Please repeat exactly, and only, the lines from the one containing "(左)キハ120-12 近カメ 234D" through the end of the records below, with no pictures.

Records from a collection:
______
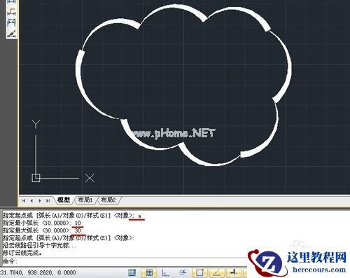 弧长:点击云线命令后,输入A回车,输入最小弧长值回车,输入最大弧长值回车,注意,最大弧长值不能超过三倍的最小弧长值。然后点击绘图区一点移动鼠标回到起点得到云线。
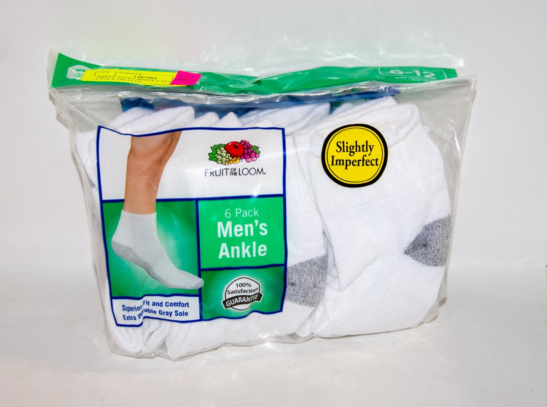 ANKLE SOCKS WHITE 6-12 SIZE 6-PACK FRUIT OF
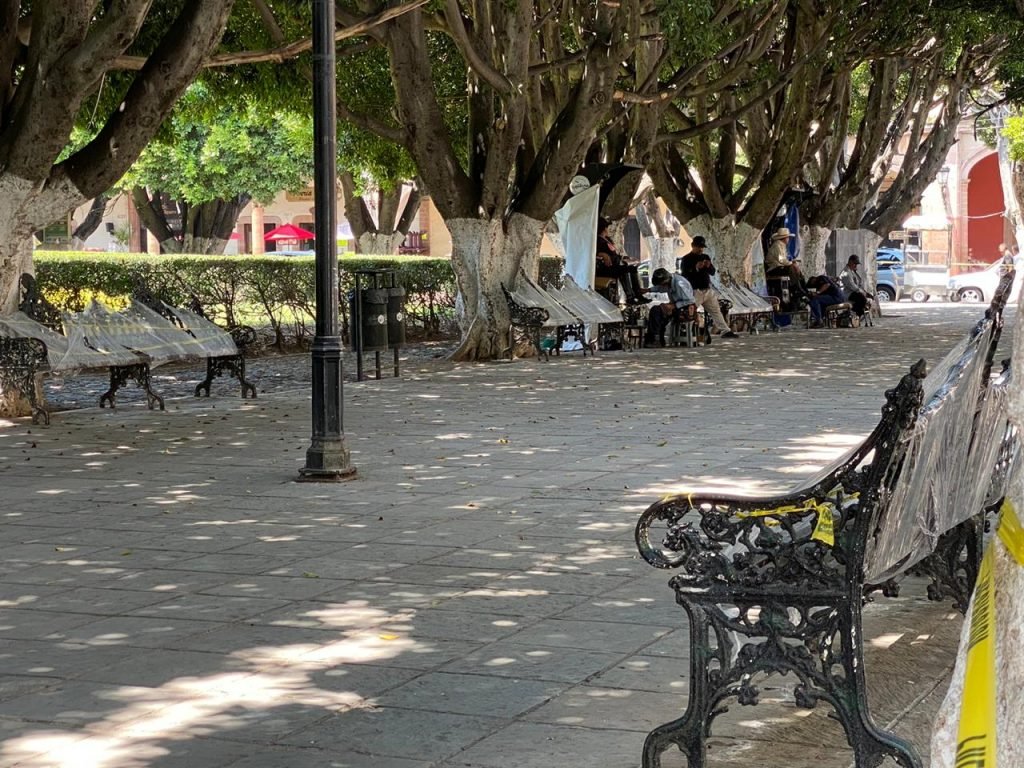 Fueron colocadas cintas alrededor de las bancas para evitar que la gente se quede mas tiempo de lo debido en las calles así como en las zonas mas visitadas que son el jardín principal y al explanada del Carmen y a subes pasen el mayor tiempo posible en sus casas, dichas restricciones son como prevención ante el coronavirus.
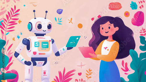 Future technology Concept: A girl interacts with robot holding a tablet on floral abstract background
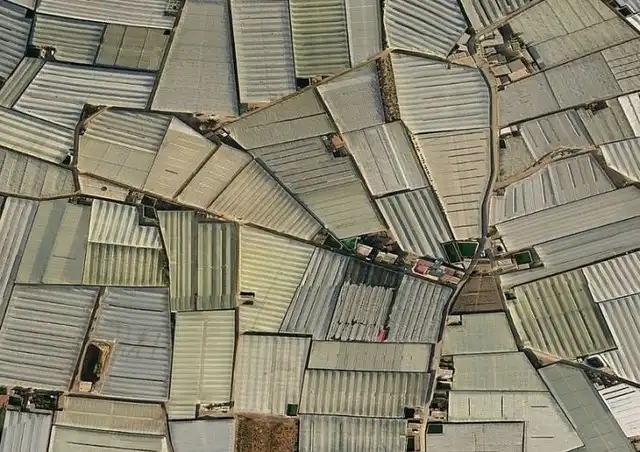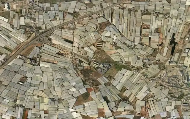 Это снимок, сделанный с борта самолета, на котором вы видите место под названием «грандиозные теплицы Альмерии». Еще с 80х годов прошлого века эта небольшая прибрежная равнина в 30 км на юго-запад от испанского города Альмерия превратилась в крупнейшее сосредоточие теплиц в мире, занявших почти 26 000 га.
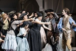 Bereits als Figaro vom Graf als „Signor Contino“, also vom Gräflein, sing, ist klar, wohin die Reise geht. Almaviva merkt nicht, dass er bereits angezählt ist. Während dieser noch überlegt, das „jus primae noctis“ wieder einzuführen, haben die Henker bereits die Guillotine, als ‚Vorschau auf die französische Revolution, für ihn vorbereitet. Liberté, égalité, fraternité.
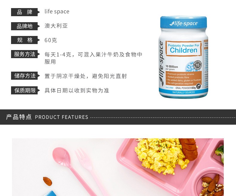 澳洲Life Space儿童益生菌粉 60g(3-12岁)
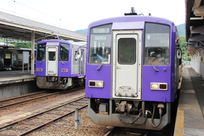 (左)キハ120-12 近カメ 234D (右)キハ120-11 近カメ 241D/関西本線柘植駅
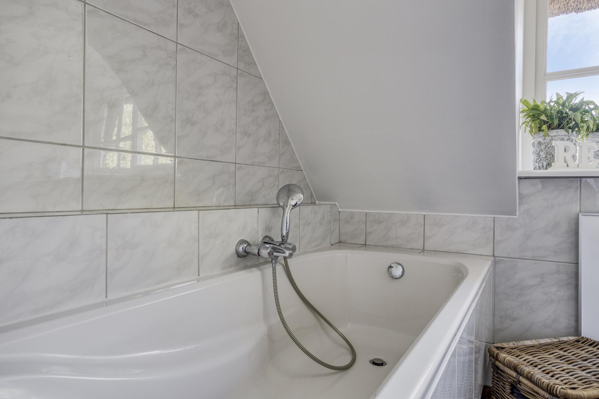 Aan de achterzijde op de 1e verdieping is de ruime badkamer. De dakkapel zorgt voor veel licht maar ook geeft deze een prachtige uitzicht over de achtertuin. De badkamer is volledig betegeld en voorzien van vloerverwarming. Verder is er een ligbad en een separate douche. Er is een dubbel wastafelmeubel met spiegel.
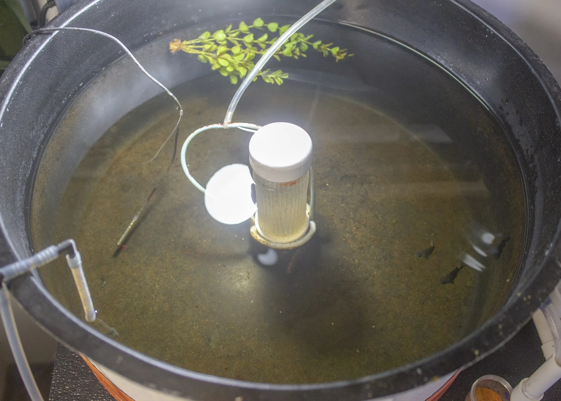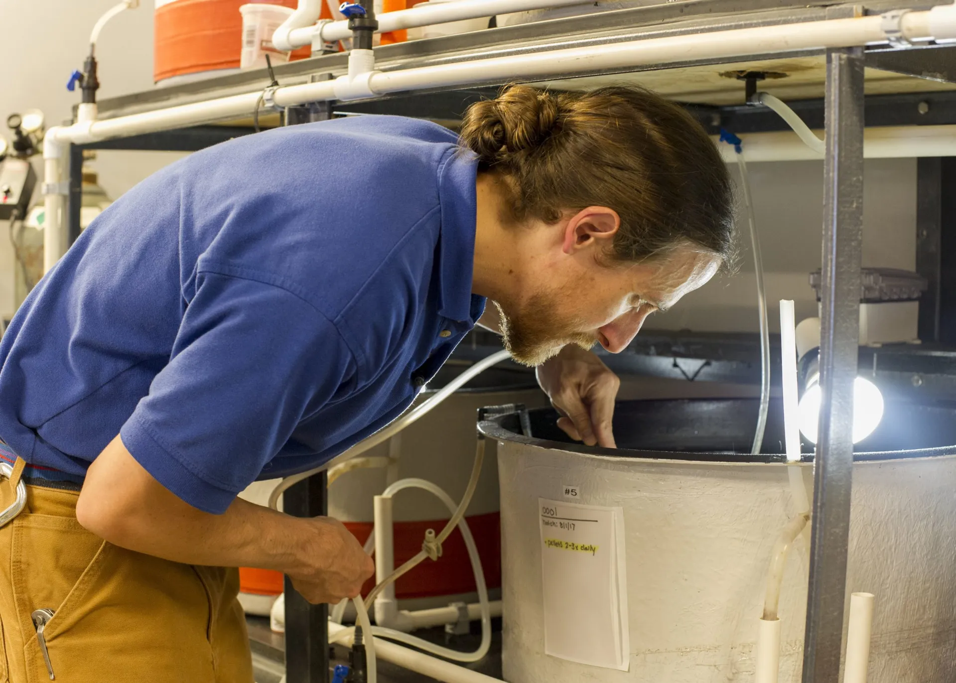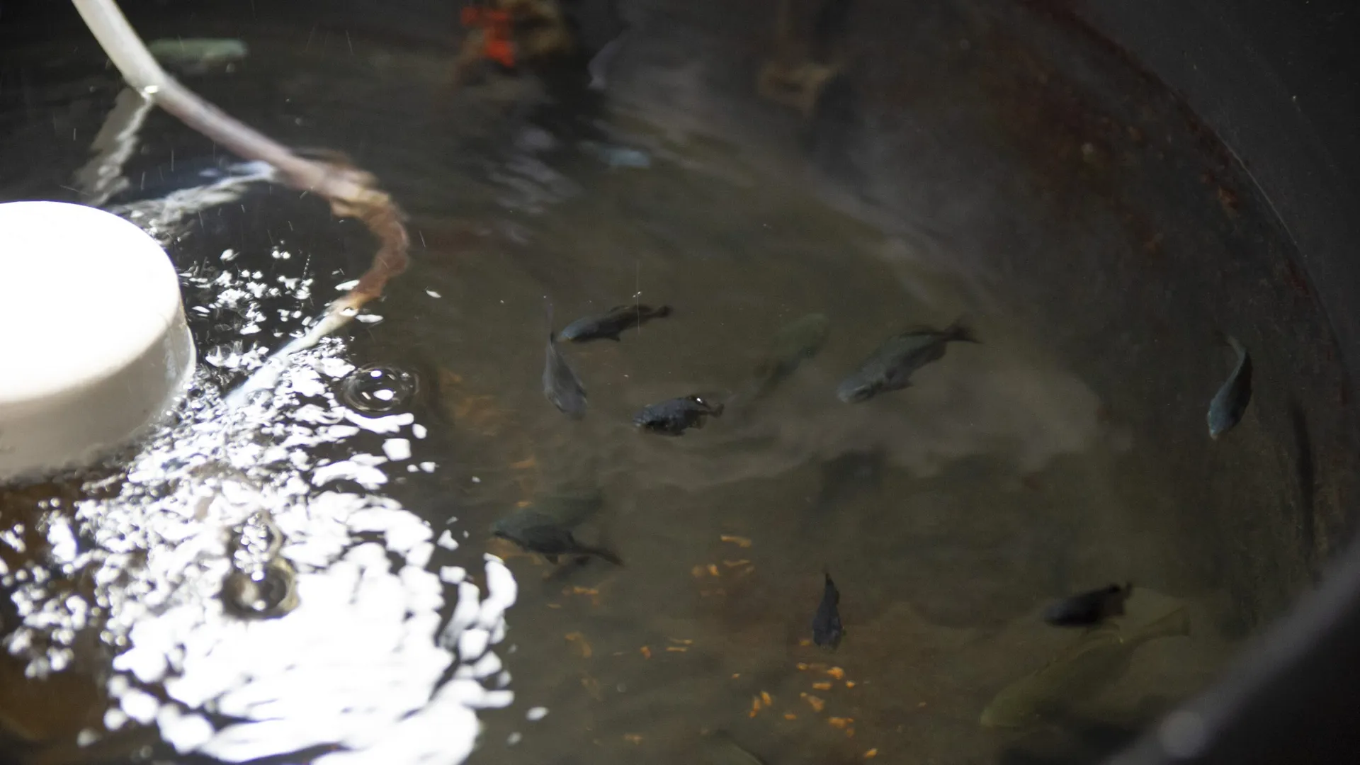 As the Isochrysis reproduce, the burbling water in the vessels darkens in color, shifting at first from a golden amber to the deep brown of over-steeped tea. Once it becomes sufficiently algae-rich, the vessels are poured into nearby tubs filled with copepods, which can, in turn, be fed to the larval fish.
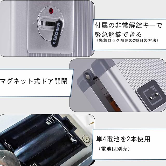 ■電池式。電池残量が非常に少なくなると、開ける時に警告音が鳴り、赤いランプが点滅します。 この時、耐久性のある電池に交換してください。 また、間違ったパスワードや他のカードを4回連続で入力すると、60秒間警告します。電源が完全に切れたり、他の理由で開けできない時、緊急に開錠できます。(電池は含まれない)
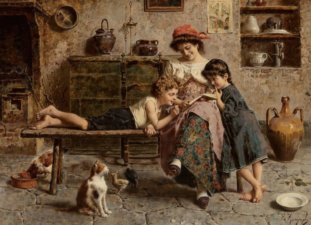 L'œuvre "L'heure du conte" d'Eugenio Zampighi évoque une atmosphère chaleureuse et intime, où un groupe d'enfants, captivés, écoute un récit enchanteur. La composition est riche en détails, avec des couleurs douces et lumineuses qui illuminent la pièce. Les jeux d'ombre et de lumière créent une ambiance presque féerique, tandis que les expressions des enfants témoignent de leur émerveillement. Zampighi réussit à capturer ce moment précieux, où l'imagination des jeunes esprits s'éveille, offrant ainsi une véritable invitation à la contemplation et à la nostalgie de l'enfance.
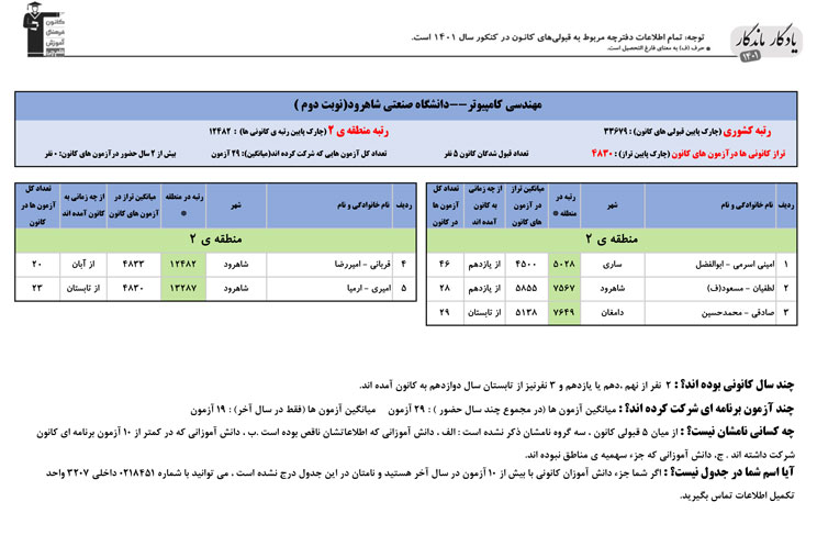 یادگار ماندگار : قبولی های کانونی دانشگاه صنعتي شاهرود در همه رشته ها در سال 1401 را در ادامه مشاهده کنید.فایل با کیفیت قبولی های سال 1401 را در قسمت فایل های ضمیمه دانلود کنید.
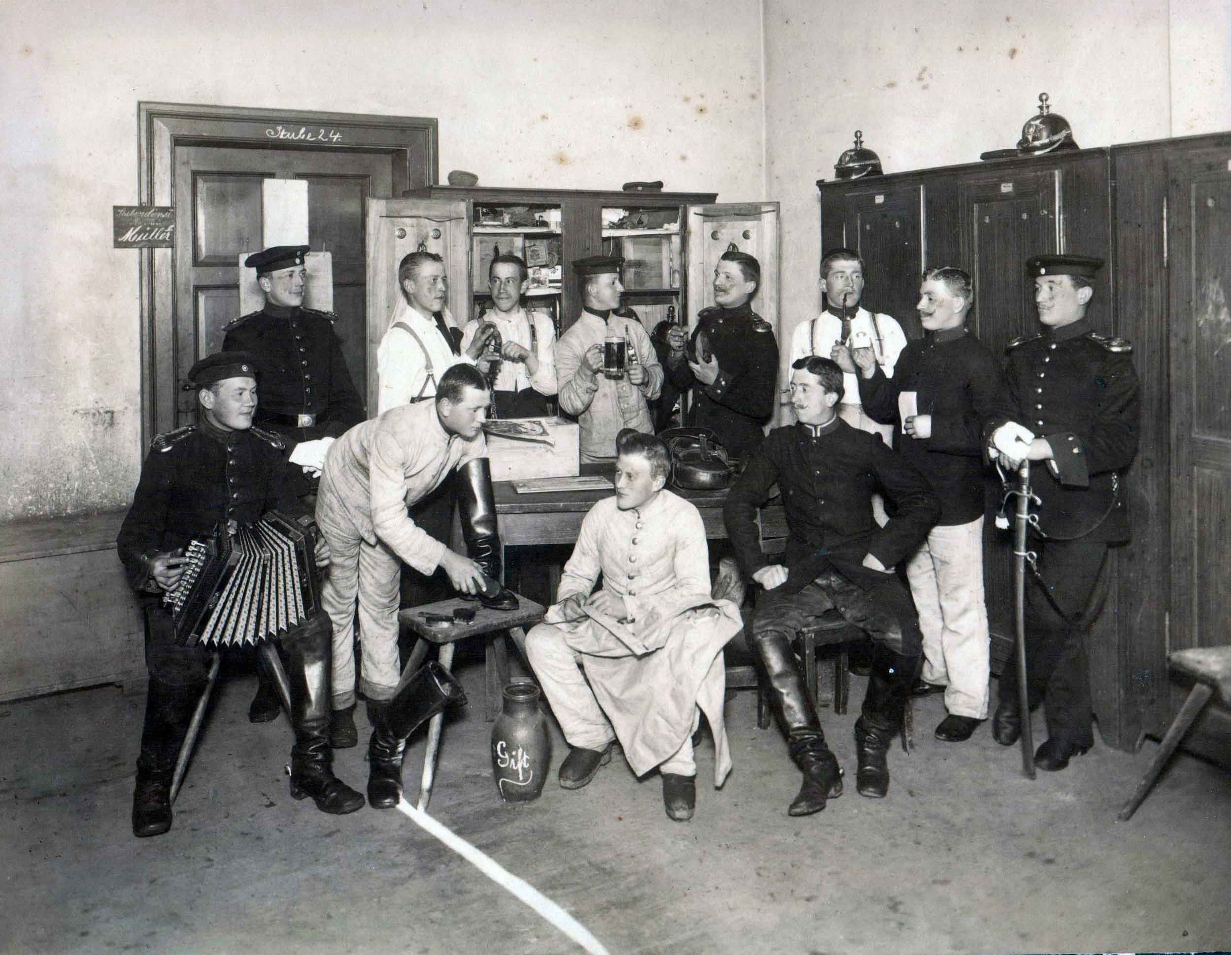 Stubendienst bei einem sächsischen Artillerie-Regiment. Die Aufnahme läßt sich relativ stark vergrößern, so daß auch Details der Spinde sichtbar sind.
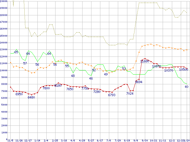 ※このグラフは過去のデータも税率5%相当に調整した税込み相当額のグラフです。 税率変更や、総額表示方式導入(2004年4月)の影響は除いています。 | | | ●凡例 | 最安値 (点線部は販売店未確認 または未調査) | 平均値 | 最高値 | ショップ数 |
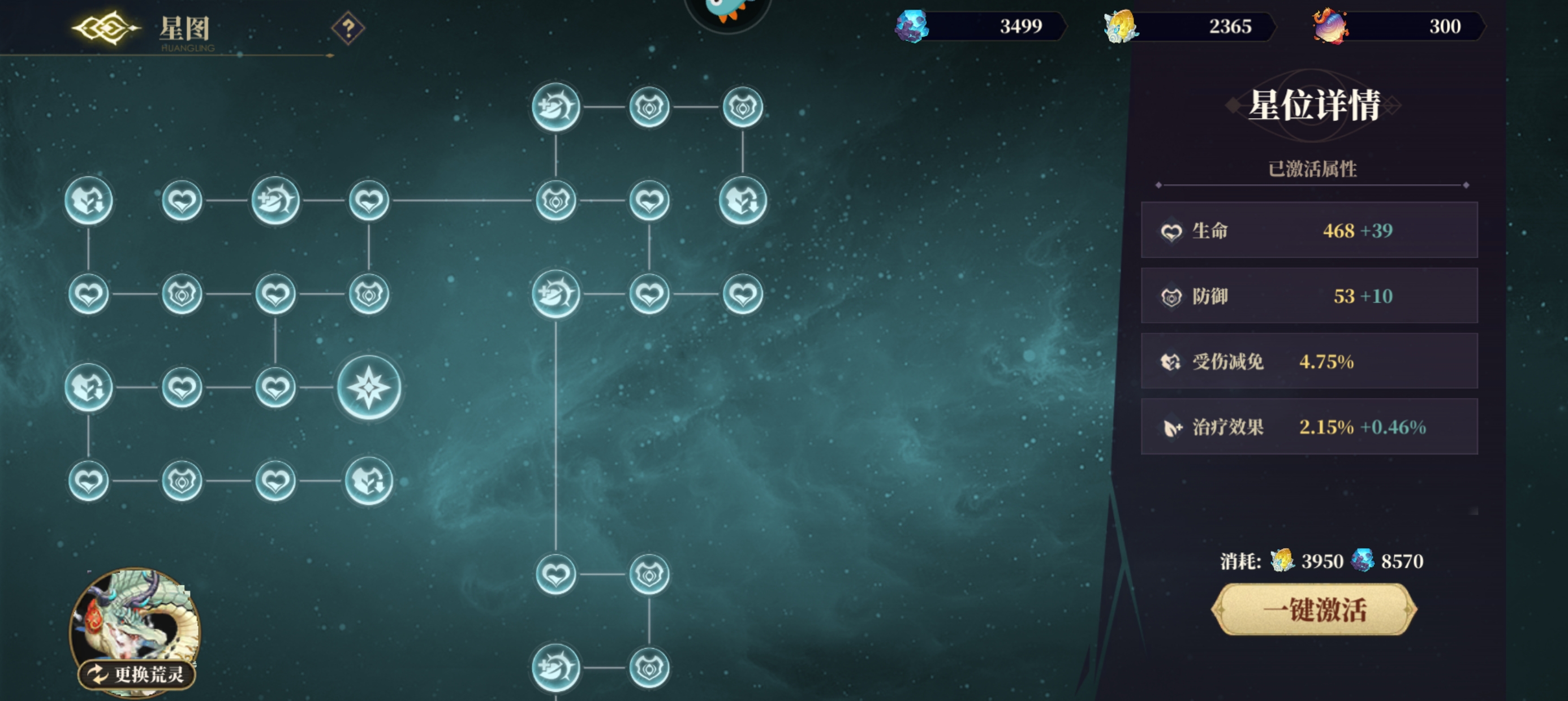 然后优先激活主战的【荒灵】星图属性,就是自己最常用的那个。
______
◆ Exercise output
 (左)キハ120-12 近カメ 234D (右)キハ120-11 近カメ 241D/関西本線柘植駅
 Aan de achterzijde op de 1e verdieping is de ruime badkamer. De dakkapel zorgt voor veel licht maar ook geeft deze een prachtige uitzicht over de achtertuin. De badkamer is volledig betegeld en voorzien van vloerverwarming. Verder is er een ligbad en een separate douche. Er is een dubbel wastafelmeubel met spiegel.
 As the Isochrysis reproduce, the burbling water in the vessels darkens in color, shifting at first from a golden amber to the deep brown of over-steeped tea. Once it becomes sufficiently algae-rich, the vessels are poured into nearby tubs filled with copepods, which can, in turn, be fed to the larval fish.
 ■電池式。電池残量が非常に少なくなると、開ける時に警告音が鳴り、赤いランプが点滅します。 この時、耐久性のある電池に交換してください。 また、間違ったパスワードや他のカードを4回連続で入力すると、60秒間警告します。電源が完全に切れたり、他の理由で開けできない時、緊急に開錠できます。(電池は含まれない)
 L'œuvre "L'heure du conte" d'Eugenio Zampighi évoque une atmosphère chaleureuse et intime, où un groupe d'enfants, captivés, écoute un récit enchanteur. La composition est riche en détails, avec des couleurs douces et lumineuses qui illuminent la pièce. Les jeux d'ombre et de lumière créent une ambiance presque féerique, tandis que les expressions des enfants témoignent de leur émerveillement. Zampighi réussit à capturer ce moment précieux, où l'imagination des jeunes esprits s'éveille, offrant ainsi une véritable invitation à la contemplation et à la nostalgie de l'enfance.
 یادگار ماندگار : قبولی های کانونی دانشگاه صنعتي شاهرود در همه رشته ها در سال 1401 را در ادامه مشاهده کنید.فایل با کیفیت قبولی های سال 1401 را در قسمت فایل های ضمیمه دانلود کنید.
 Stubendienst bei einem sächsischen Artillerie-Regiment. Die Aufnahme läßt sich relativ stark vergrößern, so daß auch Details der Spinde sichtbar sind.
 ※このグラフは過去のデータも税率5%相当に調整した税込み相当額のグラフです。 税率変更や、総額表示方式導入(2004年4月)の影響は除いています。 | | | ●凡例 | 最安値 (点線部は販売店未確認 または未調査) | 平均値 | 最高値 | ショップ数 |
 然后优先激活主战的【荒灵】星图属性,就是自己最常用的那个。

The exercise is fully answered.